We rejoice in our sufferings, knowing that suffering produces endurance,  

and endurance produces character, and character produces hope. (1)

 

Christiaan Beker, the Dutch theologian and one of the most respected Pauline scholars of the 20th century, advised his students to never quote this passage when ministering to the suffering unless you want the sufferer to spit in your face.

 

Dr. Beker suffered through the Nazi destruction of Europe during the reign of Hitler.  He had zero tolerance for anyone who thought we should welcome suffering into our lives as a gift from God.

 

As a passionate believer who clung to God through his own difficulties in life, Dr. Beker was never able to justify human suffering with a loving God.

 

If nothing else, Dr. Beker taught me to walk through the valley of the shadow of death with others with tender compassion and with my lips sealed.  He was an advocate of silent compassion as opposed to know-it-all comfort.  Your presence is more helpful than pitter-patter.

 

Why does a loving God permit suffering?  

 

My stock answer is, “I do not know, but I do know that God loves you!

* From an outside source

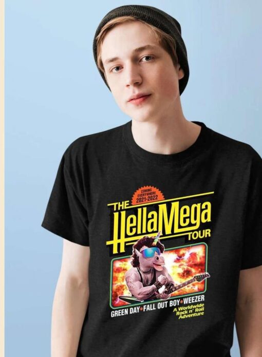Immerse yourself in the electric atmosphere of the Hella Mega World Tour 2021 with the The Hella Mega World Tour 2021 Green Day T-Shirt Fall out Boys. Crafted from premium quality materials, this t-shirt offers not just style but also comfort and durability. The vibrant colors and intricate details of the design are sure to make you stand out in any crowd. Be ready to unleash your inner rockstar and make a bold fashion statement wherever you go. Don’t miss your chance to own a piece of rock history – grab your The Hella Mega World Tour 2021 Green Day T-Shirt Fall out Boys today and rock on in style!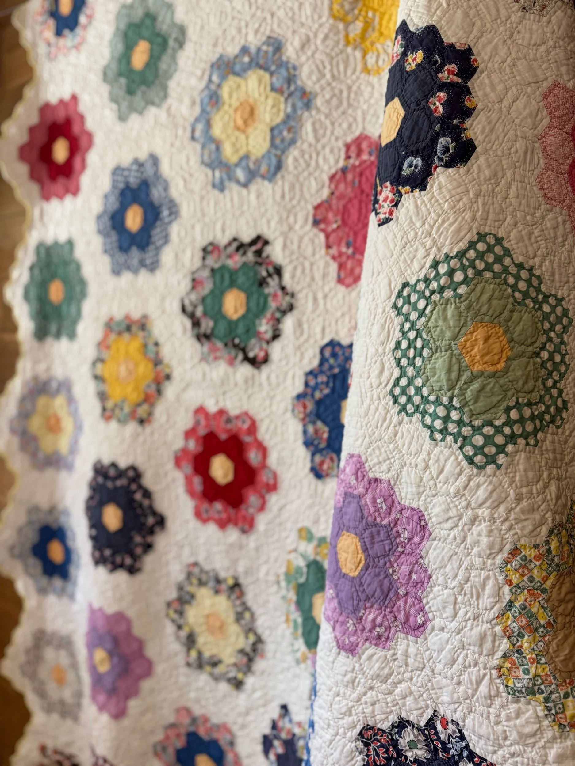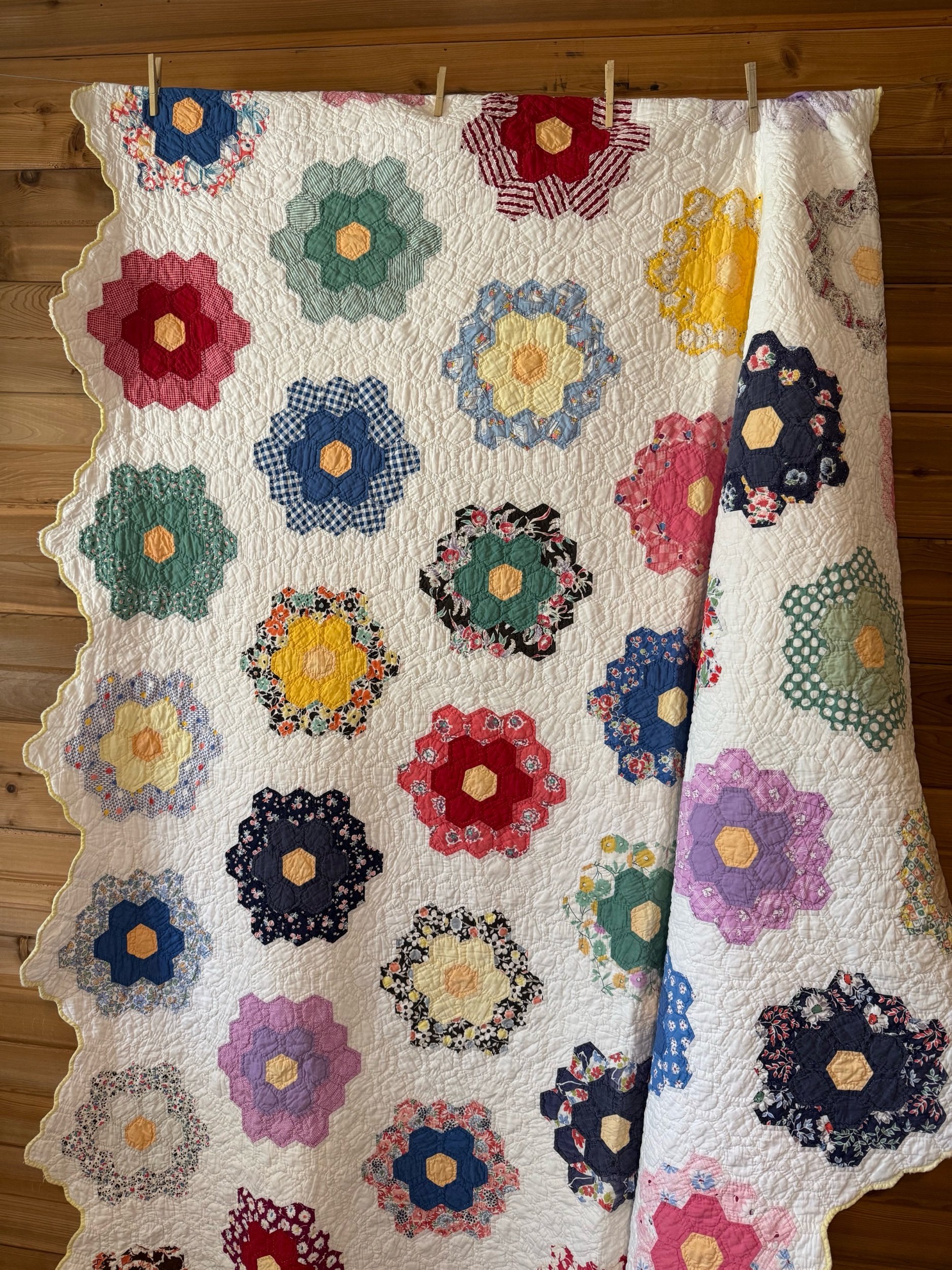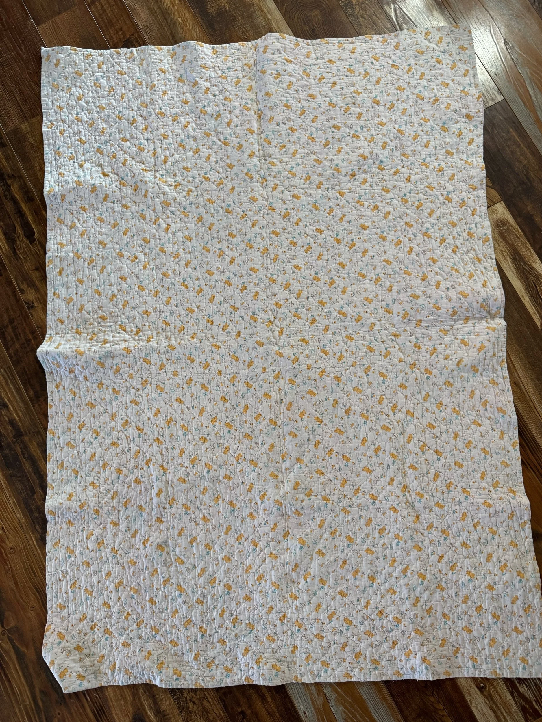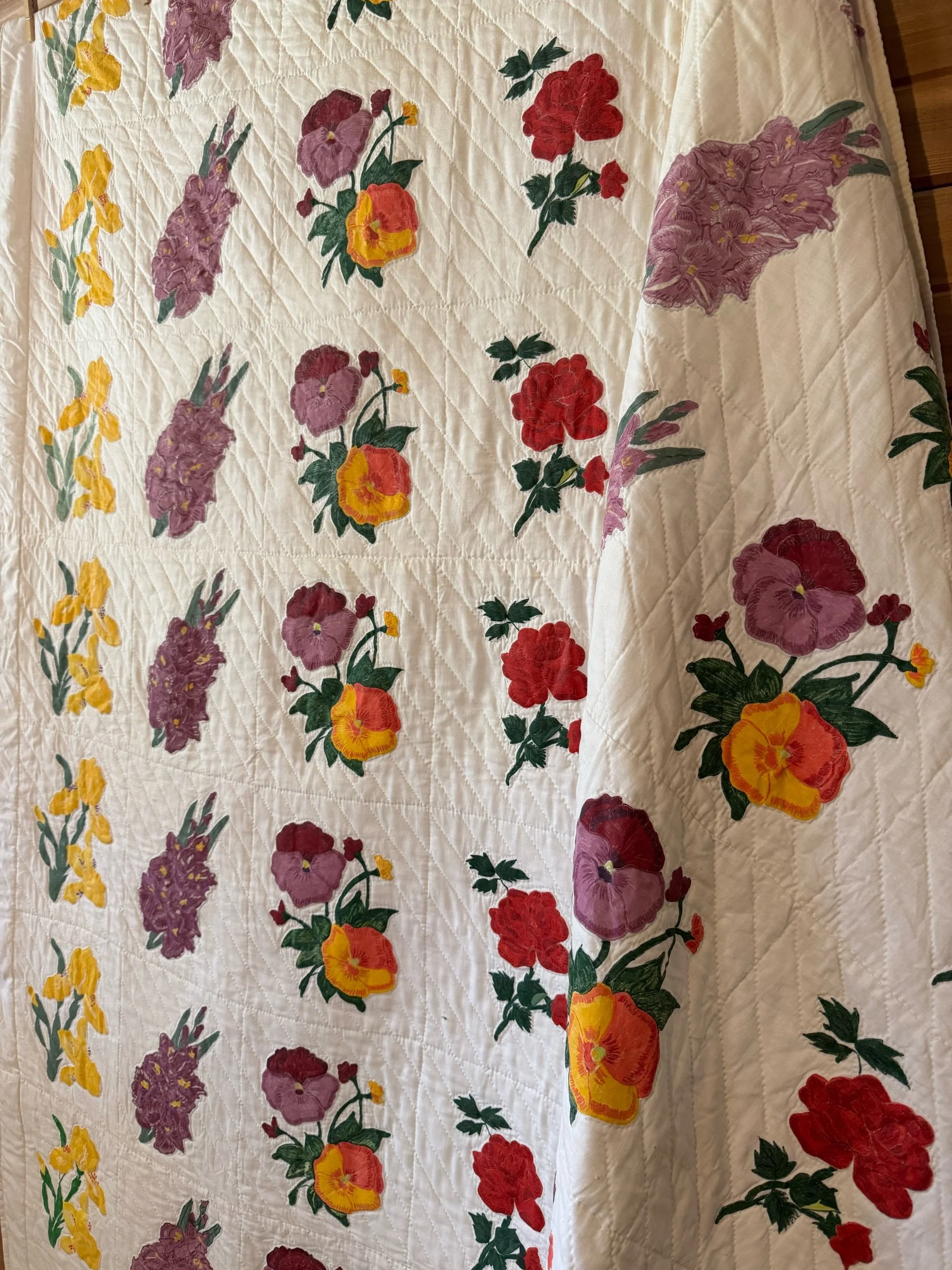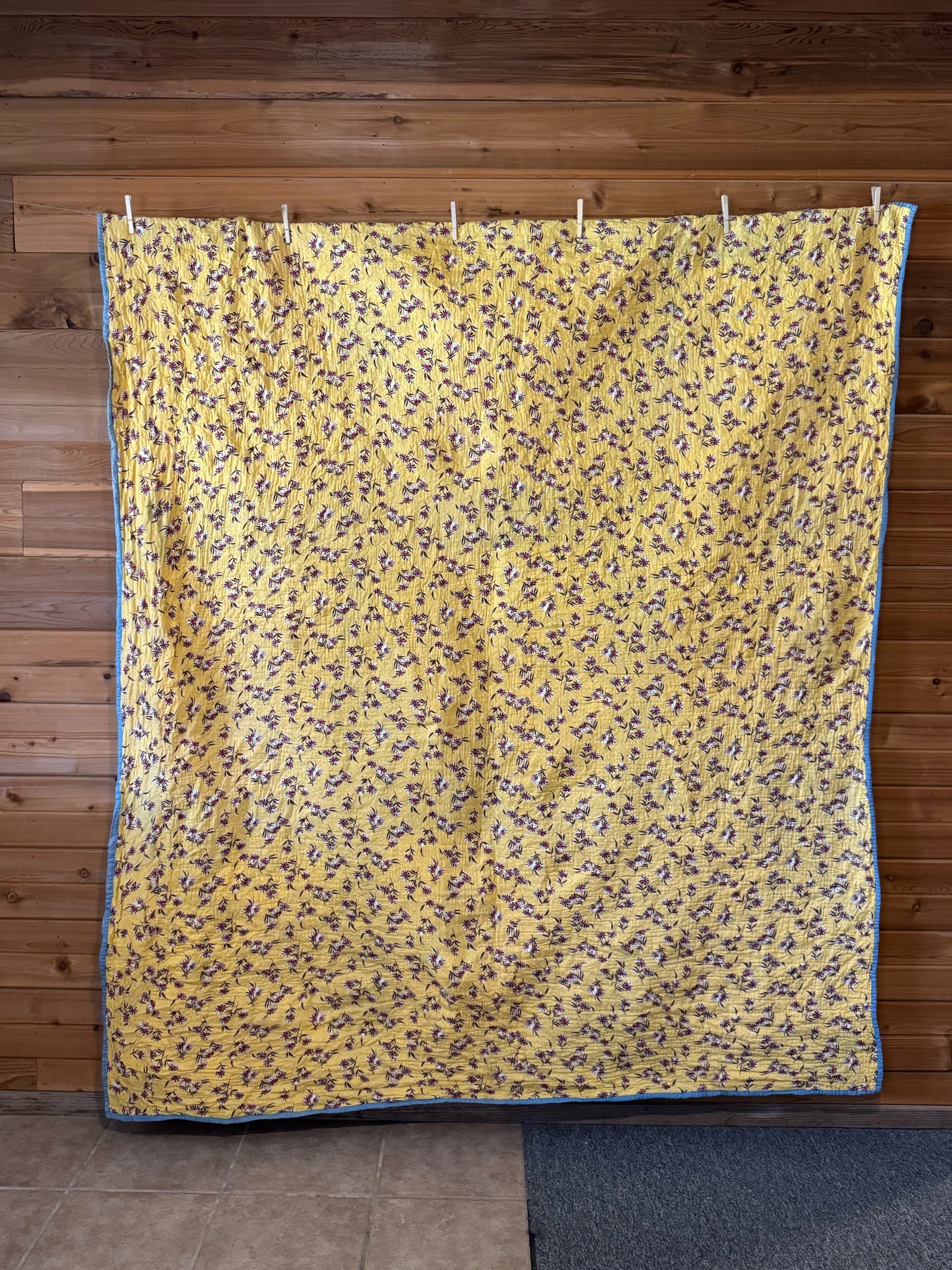 Details: This is what we would call a light weight quilt. There is no batting inside the quilt. All of the blocks are set on point. The blocks measure approximately 13” point to point. The sashing between each block is a light cream color. The binding is solid blue, brought around the back to the front; hand applied. The same blue fabric has been used for the backing. The quilt is all cotton. This quilt is confirmed flour sack and feed sack materials. We found no holes, tears or seam pops. The only thing we found that could be considered a flaw, but not really, is original speckling and spotting from the flour sacks. This quilt has been carefully washed and air dried. Please view all pictures before buying.

I know that God is hurting with you!”

 

Today I read a quote of Frederick William Robertson, which looks at suffering, not from it’s cause or purpose, but from what it does for us.  He speaks about how suffering makes us a better and more compassionate person.  He writes:

 

If you aspire to be a person of consolation, if you want to share the priestly gift of sympathy, if you desire to go beyond giving commonplace comfort to a heart that is tempted, and if you long to go through the daily exchanges of life with the kind of tact that never inflicts pain, then you must be prepared to pay the price for a costly education, for like Christ, you must suffer. (2)

 

While Robertson avoids answering our why questions about suffering, like Paul, he points us to one of the hidden blessings of suffering.  

 

The most compassionate people I know are those who have personally experienced the horror of unexplained and undeserved suffering.

 

Perhaps we will never find comfort in suffering, until it allows us to compassionately comfort those who suffer.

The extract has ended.